■ WORK TO BE COMPLETED: Transcribe exactly the lines from the first line of the records through the line containing "Shelf with homologation", and leave out every picture.

■ DATA SHOWN:
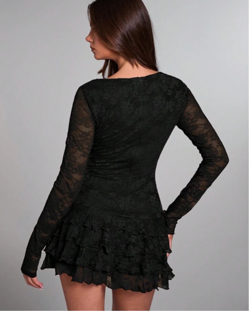 fitted black lace mini dress with long sheer sleeves and a soft ruffle hem. Feminine and flirty, perfect for nights out or dressy occasions.
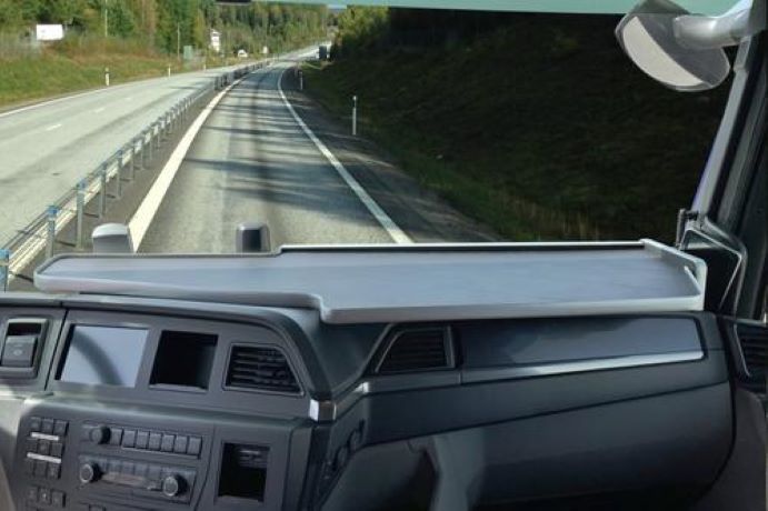 Shelf with homologation with cutout for LGS for MAN TGS,TGM,TGL (TM/TN/NN/CC/DN) part no. 2651MA21U12 The shelf has an ABE certificate (general operating permit) issued by the KBA (German Federal Motor Transport Authority) High-quality poplar plywood shelf covered with imitation leather and soft black edges. Anti-slip lining. Certified. Designed for installation in: MAN TGL TM/TN/CC/DN 2020 - MAN TGM TM/TN/CC/DN 2020 - MAN TGS TN/TM/NN 2020 -
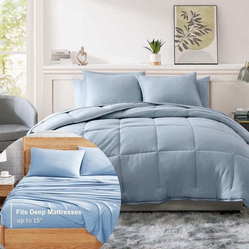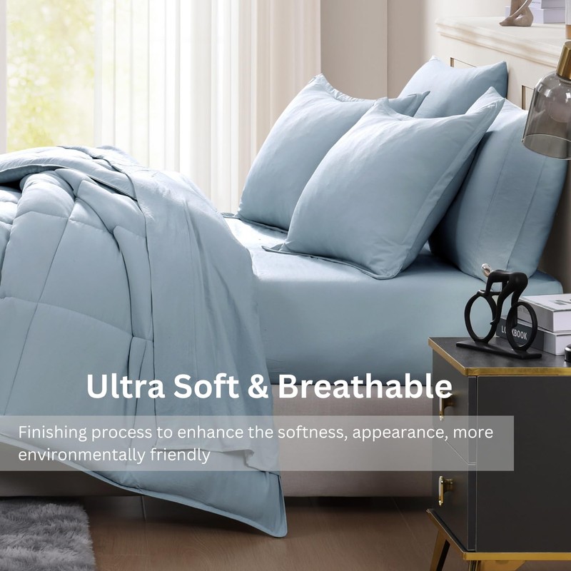 - Timeless Luxury & Comfort: Our Pre-Washed Full Comforter Set with Sheets can suit any home décor & will add to the elegance of any home aesthetic. Indulge in the exceptional softness of our fine brushed Pre-Washed 100% Microfiber sheets, pillowcases & shams. This set is specially made for you to have a comfortable and restful sleep.
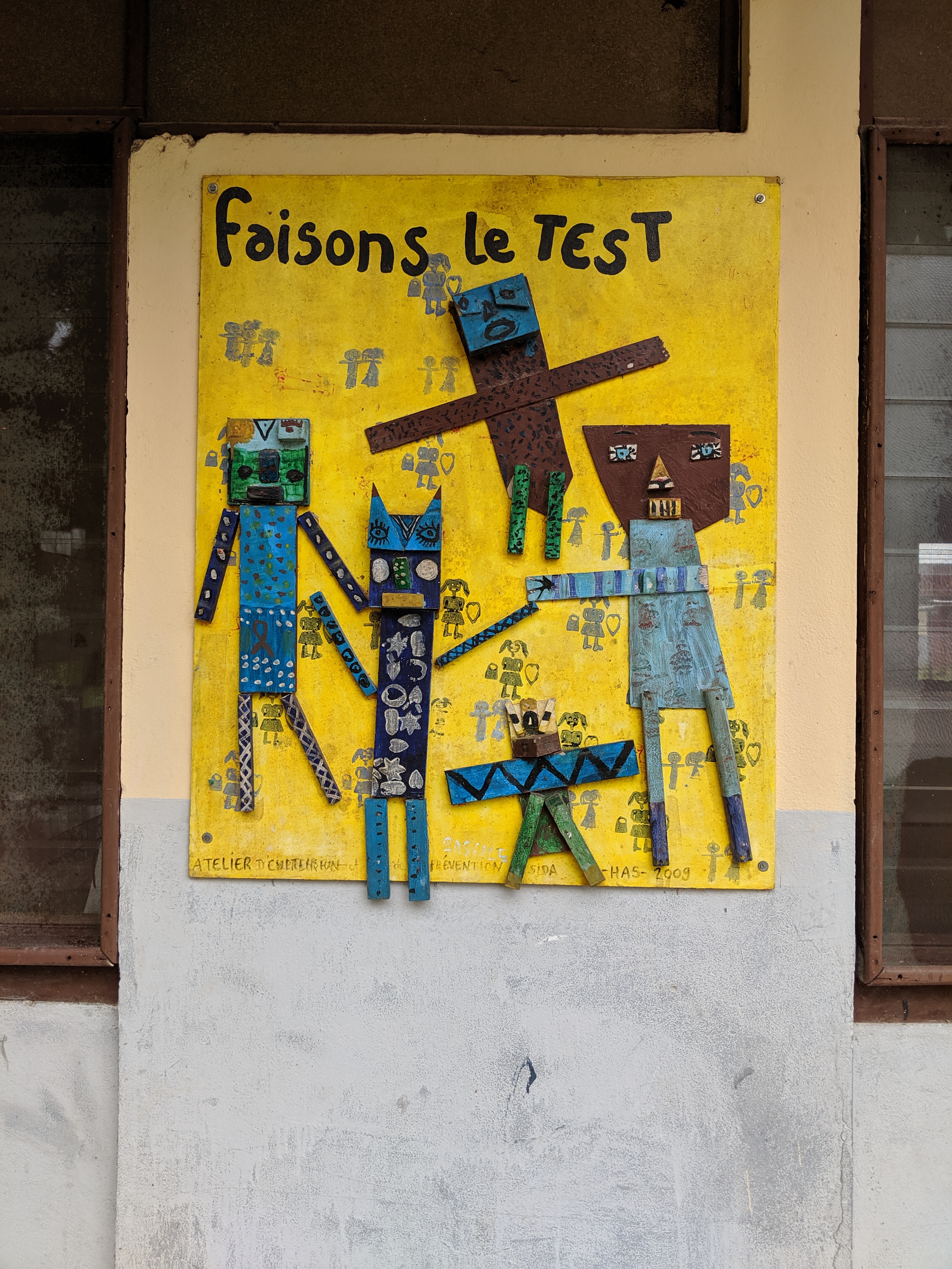 I walked back to where the taxis were being hauled and decided to walk a bit up the road and catch them before they reach the roadside crowd and perhaps there would be an empty taxi that would take me as a first passenger and then collect others matching the road to the hospital. It worked. 300cfa – normal price is 100cfa – but I didn’t care. I was in. I even complained to the taxi driver that noone wanted to stopped and he told me I should lure the taxi drivers with a higher price. Right.
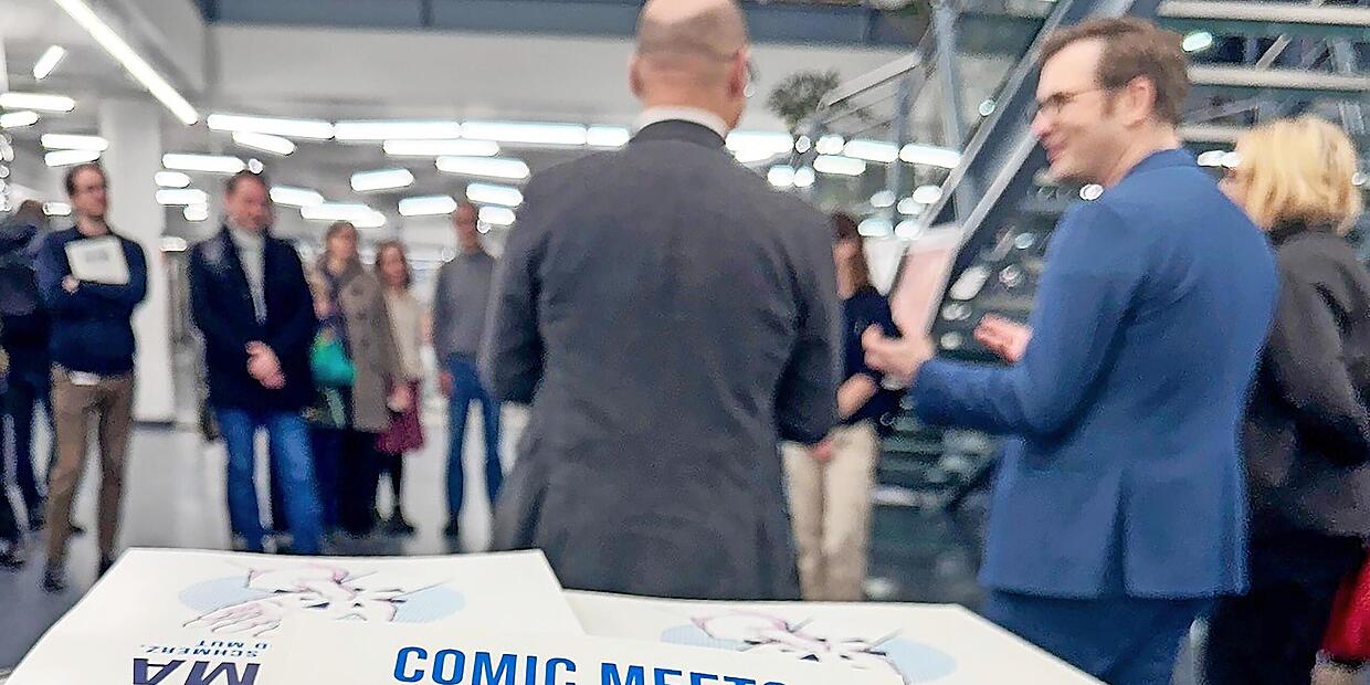 Mit beeindruckender Kreativität verbinden die gezeigten Werke Kunst und Medizin, Humor und Schmerz, Realität und Fantasie. Prof. Dr. med. univ. Georg Schett, Direktor der Medizinischen Klinik 3 – Rheumatologie und Immunologie des Uniklinikums Erlangen, und Prof. Dr. Dr. Axel Hueber, Abteilungsleiter der Rheumatologie des Klinikums Nürnberg und Initiator von „Comic Meets Rheuma“, haben die Ausstellung jetzt zusammen mit Lisa Neun, Künstlerin und erste Vorsitzende des Comicmuseums Erlangen, mit einer Vernissage eröffnet.

■ OUTPUT FOR THIS EXERCISE:
 fitted black lace mini dress with long sheer sleeves and a soft ruffle hem. Feminine and flirty, perfect for nights out or dressy occasions.
 Shelf with homologation with cutout for LGS for MAN TGS,TGM,TGL (TM/TN/NN/CC/DN) part no. 2651MA21U12 The shelf has an ABE certificate (general operating permit) issued by the KBA (German Federal Motor Transport Authority) High-quality poplar plywood shelf covered with imitation leather and soft black edges. Anti-slip lining. Certified. Designed for installation in: MAN TGL TM/TN/CC/DN 2020 - MAN TGM TM/TN/CC/DN 2020 - MAN TGS TN/TM/NN 2020 -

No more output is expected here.